Since the previous post, I worked on improving the patches that add local caching, fixed a few bugs, addressed review comments from the community and re-posted the patches. I also gave a talk about it at the SUSE Labs Conference 2010 took place at Prague. The slides can be found here: FS-Cache aware CIFS.

This patchset was merged in the upstream Linux kernel yesterday (Yay!) which means this feature would be available starting from kernel version 2.6.35-rc1.

The primary aim of caching data on the client side is to reduce the network calls to the CIFS Server whenever possible, thereby reducing the server load as well the network load. This will indirectly improve the performance and the scalability of the CIFS Server and will improve the number of clients per Server ratio. This feature could be useful in a number of scenarios:

– Render farms in Entertainment industry – used to distribute textures to individual rendering units
– Read only multimedia workloads
– Accelerate distributed web-servers
– Web server cluster nodes serve content from the cache
– /usr distributed by a network file system – to avoid spamming Servers when there is a power outage
– Caching Server with SSDs reexporting netfs data
– where a persistent cache remains across reboots is useful

However, be warned that local caching may not suitable for all workloads and a few workloads could suffer a slight performance hit (for e.g. read-once type workloads).

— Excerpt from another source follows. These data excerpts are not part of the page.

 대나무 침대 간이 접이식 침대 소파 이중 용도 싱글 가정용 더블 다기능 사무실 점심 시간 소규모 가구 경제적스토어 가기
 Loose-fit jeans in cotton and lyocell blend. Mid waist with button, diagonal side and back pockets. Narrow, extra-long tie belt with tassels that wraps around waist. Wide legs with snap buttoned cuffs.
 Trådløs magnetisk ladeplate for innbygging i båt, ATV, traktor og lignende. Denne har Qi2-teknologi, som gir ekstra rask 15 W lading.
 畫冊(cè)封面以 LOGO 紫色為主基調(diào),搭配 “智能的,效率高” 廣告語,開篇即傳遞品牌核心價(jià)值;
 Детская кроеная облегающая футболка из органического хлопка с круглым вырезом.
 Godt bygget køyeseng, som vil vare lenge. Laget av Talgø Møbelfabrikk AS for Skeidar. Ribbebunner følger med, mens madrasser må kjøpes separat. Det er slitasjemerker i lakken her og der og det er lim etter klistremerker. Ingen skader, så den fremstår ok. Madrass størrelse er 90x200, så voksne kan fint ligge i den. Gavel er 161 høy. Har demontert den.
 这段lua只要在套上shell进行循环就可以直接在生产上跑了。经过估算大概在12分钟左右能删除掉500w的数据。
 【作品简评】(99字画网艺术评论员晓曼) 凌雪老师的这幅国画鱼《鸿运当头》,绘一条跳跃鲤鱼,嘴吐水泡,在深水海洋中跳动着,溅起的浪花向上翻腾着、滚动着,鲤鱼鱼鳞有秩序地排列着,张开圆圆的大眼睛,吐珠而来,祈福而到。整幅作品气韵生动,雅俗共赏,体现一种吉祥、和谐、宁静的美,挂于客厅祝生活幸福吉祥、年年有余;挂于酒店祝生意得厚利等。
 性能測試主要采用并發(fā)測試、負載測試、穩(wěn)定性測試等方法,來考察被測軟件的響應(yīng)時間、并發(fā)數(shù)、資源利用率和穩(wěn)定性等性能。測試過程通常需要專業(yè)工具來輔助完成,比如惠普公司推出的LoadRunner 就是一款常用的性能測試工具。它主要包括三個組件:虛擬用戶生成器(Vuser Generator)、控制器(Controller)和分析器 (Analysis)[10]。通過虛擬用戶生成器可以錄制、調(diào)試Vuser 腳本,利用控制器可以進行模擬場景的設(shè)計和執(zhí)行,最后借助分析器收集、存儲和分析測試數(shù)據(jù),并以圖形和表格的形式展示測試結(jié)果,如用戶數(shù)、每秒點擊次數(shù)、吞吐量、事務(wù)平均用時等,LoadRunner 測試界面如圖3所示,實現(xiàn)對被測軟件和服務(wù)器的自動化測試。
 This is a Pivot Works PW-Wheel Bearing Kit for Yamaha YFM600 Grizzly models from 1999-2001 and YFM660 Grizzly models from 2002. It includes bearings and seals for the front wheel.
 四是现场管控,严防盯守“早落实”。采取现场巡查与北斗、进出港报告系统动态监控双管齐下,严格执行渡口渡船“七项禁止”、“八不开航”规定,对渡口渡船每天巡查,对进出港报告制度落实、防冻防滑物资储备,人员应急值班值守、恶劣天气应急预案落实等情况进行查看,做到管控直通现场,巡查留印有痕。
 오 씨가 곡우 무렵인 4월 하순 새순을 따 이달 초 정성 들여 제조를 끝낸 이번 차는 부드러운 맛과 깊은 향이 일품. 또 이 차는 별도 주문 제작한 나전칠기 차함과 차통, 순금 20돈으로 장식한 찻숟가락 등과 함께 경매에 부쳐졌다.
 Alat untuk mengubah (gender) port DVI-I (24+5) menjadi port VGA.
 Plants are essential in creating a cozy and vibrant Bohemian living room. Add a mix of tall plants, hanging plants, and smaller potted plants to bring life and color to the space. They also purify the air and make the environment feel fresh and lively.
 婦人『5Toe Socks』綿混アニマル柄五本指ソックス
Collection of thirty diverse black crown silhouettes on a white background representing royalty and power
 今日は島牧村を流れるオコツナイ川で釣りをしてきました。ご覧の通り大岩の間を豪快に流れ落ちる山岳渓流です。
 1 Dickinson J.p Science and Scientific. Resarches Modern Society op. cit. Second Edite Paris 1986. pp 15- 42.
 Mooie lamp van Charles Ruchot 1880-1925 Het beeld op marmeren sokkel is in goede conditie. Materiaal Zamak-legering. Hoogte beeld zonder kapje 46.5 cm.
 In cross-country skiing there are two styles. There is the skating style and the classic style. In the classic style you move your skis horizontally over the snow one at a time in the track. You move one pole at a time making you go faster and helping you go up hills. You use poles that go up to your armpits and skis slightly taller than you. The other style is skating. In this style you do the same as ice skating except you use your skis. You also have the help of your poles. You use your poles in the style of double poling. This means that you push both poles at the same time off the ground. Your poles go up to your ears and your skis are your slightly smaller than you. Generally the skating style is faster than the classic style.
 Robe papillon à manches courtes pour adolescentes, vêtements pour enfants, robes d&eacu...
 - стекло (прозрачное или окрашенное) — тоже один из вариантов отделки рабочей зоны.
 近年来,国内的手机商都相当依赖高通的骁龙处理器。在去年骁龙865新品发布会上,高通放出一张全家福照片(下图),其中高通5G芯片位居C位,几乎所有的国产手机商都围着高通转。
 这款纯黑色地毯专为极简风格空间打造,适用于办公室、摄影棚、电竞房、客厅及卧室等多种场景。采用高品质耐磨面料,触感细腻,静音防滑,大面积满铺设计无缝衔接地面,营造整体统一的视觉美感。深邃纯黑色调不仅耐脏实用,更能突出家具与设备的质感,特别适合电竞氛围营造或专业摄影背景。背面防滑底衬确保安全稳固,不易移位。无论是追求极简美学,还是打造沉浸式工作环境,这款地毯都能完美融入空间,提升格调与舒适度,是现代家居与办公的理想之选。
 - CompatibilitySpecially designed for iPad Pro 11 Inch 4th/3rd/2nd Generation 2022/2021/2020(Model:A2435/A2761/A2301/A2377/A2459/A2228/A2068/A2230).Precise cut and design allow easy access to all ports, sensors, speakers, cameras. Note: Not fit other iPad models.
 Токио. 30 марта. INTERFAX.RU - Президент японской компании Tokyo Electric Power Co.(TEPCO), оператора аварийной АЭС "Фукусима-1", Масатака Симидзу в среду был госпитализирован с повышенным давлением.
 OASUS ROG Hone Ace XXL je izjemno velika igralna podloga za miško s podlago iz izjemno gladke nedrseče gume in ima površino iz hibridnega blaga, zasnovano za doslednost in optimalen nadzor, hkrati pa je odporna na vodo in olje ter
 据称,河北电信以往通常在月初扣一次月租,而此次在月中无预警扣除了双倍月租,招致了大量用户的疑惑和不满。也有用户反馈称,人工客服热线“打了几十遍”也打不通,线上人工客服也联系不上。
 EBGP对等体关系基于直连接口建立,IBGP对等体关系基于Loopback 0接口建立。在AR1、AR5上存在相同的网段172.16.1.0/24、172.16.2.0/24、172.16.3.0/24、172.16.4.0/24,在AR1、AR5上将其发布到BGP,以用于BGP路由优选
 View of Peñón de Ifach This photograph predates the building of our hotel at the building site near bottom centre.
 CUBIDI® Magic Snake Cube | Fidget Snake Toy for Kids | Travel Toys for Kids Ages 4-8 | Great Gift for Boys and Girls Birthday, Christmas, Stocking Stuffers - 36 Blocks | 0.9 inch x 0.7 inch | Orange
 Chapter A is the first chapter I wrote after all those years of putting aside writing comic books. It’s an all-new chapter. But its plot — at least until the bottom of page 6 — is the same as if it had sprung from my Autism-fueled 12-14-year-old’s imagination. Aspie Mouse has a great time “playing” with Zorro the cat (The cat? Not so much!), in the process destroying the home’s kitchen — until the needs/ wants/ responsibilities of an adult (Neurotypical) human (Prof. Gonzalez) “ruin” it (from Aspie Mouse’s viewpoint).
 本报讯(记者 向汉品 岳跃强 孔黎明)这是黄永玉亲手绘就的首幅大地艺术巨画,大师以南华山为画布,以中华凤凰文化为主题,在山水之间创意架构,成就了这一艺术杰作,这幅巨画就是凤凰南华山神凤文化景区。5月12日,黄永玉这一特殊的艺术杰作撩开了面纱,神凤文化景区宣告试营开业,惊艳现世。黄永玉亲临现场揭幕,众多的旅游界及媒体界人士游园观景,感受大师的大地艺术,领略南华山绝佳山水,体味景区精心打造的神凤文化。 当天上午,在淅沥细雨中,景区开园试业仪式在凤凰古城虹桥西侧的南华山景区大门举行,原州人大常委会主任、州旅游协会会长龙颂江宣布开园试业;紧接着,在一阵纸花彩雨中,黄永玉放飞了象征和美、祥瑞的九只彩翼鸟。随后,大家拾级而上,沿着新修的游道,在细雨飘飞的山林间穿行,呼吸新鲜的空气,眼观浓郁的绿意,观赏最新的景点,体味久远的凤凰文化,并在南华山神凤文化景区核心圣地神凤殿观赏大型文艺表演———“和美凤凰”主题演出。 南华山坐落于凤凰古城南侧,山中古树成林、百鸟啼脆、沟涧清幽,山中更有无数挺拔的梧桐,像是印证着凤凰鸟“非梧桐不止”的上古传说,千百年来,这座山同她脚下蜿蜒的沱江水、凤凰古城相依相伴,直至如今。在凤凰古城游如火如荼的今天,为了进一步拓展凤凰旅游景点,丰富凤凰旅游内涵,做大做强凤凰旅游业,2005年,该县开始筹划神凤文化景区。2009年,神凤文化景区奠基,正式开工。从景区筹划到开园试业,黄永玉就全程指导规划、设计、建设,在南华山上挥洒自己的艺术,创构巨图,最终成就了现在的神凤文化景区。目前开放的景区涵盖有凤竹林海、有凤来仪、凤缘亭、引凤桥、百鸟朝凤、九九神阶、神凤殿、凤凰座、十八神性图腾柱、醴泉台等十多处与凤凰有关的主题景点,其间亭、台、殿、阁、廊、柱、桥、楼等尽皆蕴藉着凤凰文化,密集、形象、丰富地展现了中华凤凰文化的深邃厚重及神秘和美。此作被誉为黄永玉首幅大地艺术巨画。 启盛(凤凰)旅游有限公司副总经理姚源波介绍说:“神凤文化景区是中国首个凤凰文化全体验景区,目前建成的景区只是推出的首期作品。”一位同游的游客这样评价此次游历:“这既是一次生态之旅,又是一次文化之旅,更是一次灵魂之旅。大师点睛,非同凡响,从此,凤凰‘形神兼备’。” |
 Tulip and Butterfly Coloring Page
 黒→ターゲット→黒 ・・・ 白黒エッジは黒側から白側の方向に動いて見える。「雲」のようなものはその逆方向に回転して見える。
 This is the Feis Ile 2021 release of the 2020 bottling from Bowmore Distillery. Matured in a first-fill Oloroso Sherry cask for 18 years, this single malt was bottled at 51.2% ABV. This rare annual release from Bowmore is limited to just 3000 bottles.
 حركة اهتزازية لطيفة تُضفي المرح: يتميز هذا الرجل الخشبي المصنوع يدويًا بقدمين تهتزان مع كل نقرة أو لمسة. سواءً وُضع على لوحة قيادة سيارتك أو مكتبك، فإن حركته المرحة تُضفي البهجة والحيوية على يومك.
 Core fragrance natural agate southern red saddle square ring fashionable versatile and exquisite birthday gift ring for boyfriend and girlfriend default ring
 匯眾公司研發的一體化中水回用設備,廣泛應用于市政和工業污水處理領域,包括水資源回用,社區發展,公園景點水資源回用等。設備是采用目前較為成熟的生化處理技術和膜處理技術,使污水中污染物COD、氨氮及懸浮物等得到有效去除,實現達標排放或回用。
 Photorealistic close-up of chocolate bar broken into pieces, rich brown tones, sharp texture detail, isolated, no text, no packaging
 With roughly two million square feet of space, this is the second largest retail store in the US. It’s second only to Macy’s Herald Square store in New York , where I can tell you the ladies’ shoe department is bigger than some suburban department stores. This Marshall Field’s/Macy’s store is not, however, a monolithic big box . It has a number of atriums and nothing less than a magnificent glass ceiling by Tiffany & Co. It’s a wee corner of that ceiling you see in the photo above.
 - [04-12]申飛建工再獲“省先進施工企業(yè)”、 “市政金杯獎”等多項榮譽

So, you need to careful consider your workload/scenario before you start using local disk caching.

When I reposted this patchset, I got asked whether I have done any benchmarking and could share the performance numbers. Here are the results from a 100Mb/s network:

Environment
————

I’m using my T60p laptop as the CIFS server (running Samba) and one of my test machines as CIFS client, connected over an ethernet of reported speed 1000 Mb/s. ethtool was used to throttle the speed to 100 Mb/s. The TCP bandwidth as seen by a pair of netcats between the client and the server is about 89.555 Mb/s.

Client has a 2.8 GHz Pentium D CPU with 2GB RAM
Server has a 2.33GHz Core2 CPU (T7600) with 2GB RAM

Test
—–
The benchmark involves pulling a 200 MB file over CIFS to the client using cat to /dev/zero under `time’. The wall clock time reported was recorded.

First, the test was run on the server twice and the second result was recorded (noted as Server below i.e. time taken by the Server when file is loaded on the RAM).
Secondly, the client was rebooted and the test was run with caching disabled (noted as None below).
Next, the client was rebooted, the cache contents (if any) were erased with mkfs.ext3 and test was run again with cachefilesd running (noted as COLD)
Next the client was rebooted, tests were run with caching enabled this time with a populated disk cache (noted as HOT).
Finally, the test was run again without unmounting or rebooting to ensure pagecache remains valid (noted as PGCACHE).

The benchmark was repeated twice:

Cache (state) Run #1 Run#2
============= ======= =======
Server 0.104 s 0.107 s
None 26.042 s 26.576 s
COLD 26.703 s 26.787 s
HOT 5.115 s 5.147 s
PGCACHE 0.091 s 0.092 s

As it can be seen when the disk cache is hot, the performance is roughly 5X times than reading over the network. And, it has to be noted that the Scalability improvement due to reduced network traffic cannot be seen as the test involves only a single client and the Server. The read performance with more number of clients would be more interesting as the cache can positively impact the scalability.